1599909 13:46:38.047689 fallocate(6, 0, 0, 34359738368) = 0

In the IOR cases without preallocation, the files are written sequentially, although there is a SEEK to the same file offset that would have been appended anyway.
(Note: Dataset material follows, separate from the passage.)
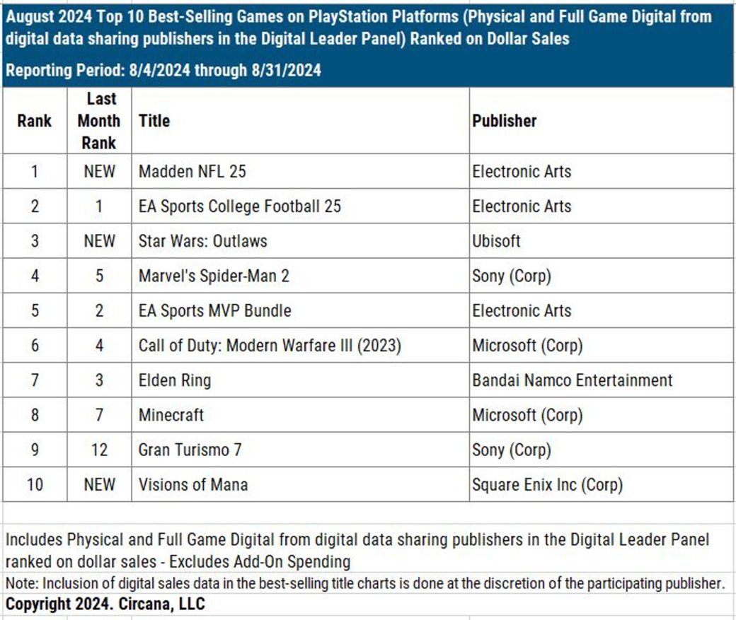 На PlayStation и Xbox первые места за август занимают те же игры, что и в общем чарте за месяц: Madden NFL 25, College Football 25 и Star Wars Outlaws.

Snippet of strace of an IOR process handling writing one file:

1599661 12:17:18.744826 lseek(18, 4714397696, SEEK_SET) = 4714397696

1599661 12:17:18.744877 write(18, "\272\263\262e\0\0\0\0\10\0\0\0\0\0\0\0\272\263\262e\0\0\0\0\30\0\0\0\0\0\0\0\272\263\262e\0\0\0\0(\0\0\0\0\0\0\0\272\263\262e\0\0\0\08\0\0\0\0\0\0\0\272\263\262e\0\0\0\0H\0\0\0\0\0\0\0\272\263\262e\0\0\0\0X\0\0\0\0\0\0\0\272\263\262e\0\0\0\0h\0\0\0\0\0\0\0\272\263\262e\0\0\0\0x\0\0\0\0\0\0\0"..., 16777216) = 16777216

1599661 12:17:18.761087 lseek(18, 4731174912, SEEK_SET) = 4731174912

1599661 12:17:18.761133 write(18, "\272\263\262e\0\0\0\0\10\0\0\0\0\0\0\0\272\263\262e\0\0\0\0\30\0\0\0\0\0\0\0\272\263\262e\0\0\0\0(\0\0\0\0\0\0\0\272\263\262e\0\0\0\08\0\0\0\0\0\0\0\272\263\262e\0\0\0\0H\0\0\0\0\0\0\0\272\263\262e\0\0\0\0X\0\0\0\0\0\0\0\272\263\262e\0\0\0\0h\0\0\0\0\0\0\0\272\263\262e\0\0\0\0x\0\0\0\0\0\0\0"..., 16777216) = 16777216

1599661 12:17:18.777467 lseek(18, 4747952128, SEEK_SET) = 4747952128

1599661 12:17:18.777513 write(18, "\272\263\262e\0\0\0\0\10\0\0\0\0\0\0\0\272\263\262e\0\0\0\0\30\0\0\0\0\0\0\0\272\263\262e\0\0\0\0(\0\0\0\0\0\0\0\272\263\262e\0\0\0\08\0\0\0\0\0\0\0\272\263\262e\0\0\0\0H\0\0\0\0\0\0\0\272\263\262e\0\0\0\0X\0\0\0\0\0\0\0\272\263\262e\0\0\0\0h\0\0\0\0\0\0\0\272\263\262e\0\0\0\0x\0\0\0\0\0\0\0"..., 16777216) = 16777216

1599661 12:17:18.793840 lseek(18, 4764729344, SEEK_SET) = 4764729344

1599661 12:17:18.793887 write(18, "\272\263\262e\0\0\0\0\10\0\0\0\0\0\0\0\272\263\262e\0\0\0\0\30\0\0\0\0\0\0\0\272\263\262e\0\0\0\0(\0\0\0\0\0\0\0\272\263\262e\0\0\0\08\0\0\0\0\0\0\0\272\263\262e\0\0\0\0H\0\0\0\0\0\0\0\272\263\262e\0\0\0\0X\0\0\0\0\0\0\0\272\263\262e\0\0\0\0h\0\0\0\0\0\0\0\272\263\262e\0\0\0\0x\0\0\0\0\0\0\0"..., 16777216) = 16777216

The offset+lengths are sequential with no gaps.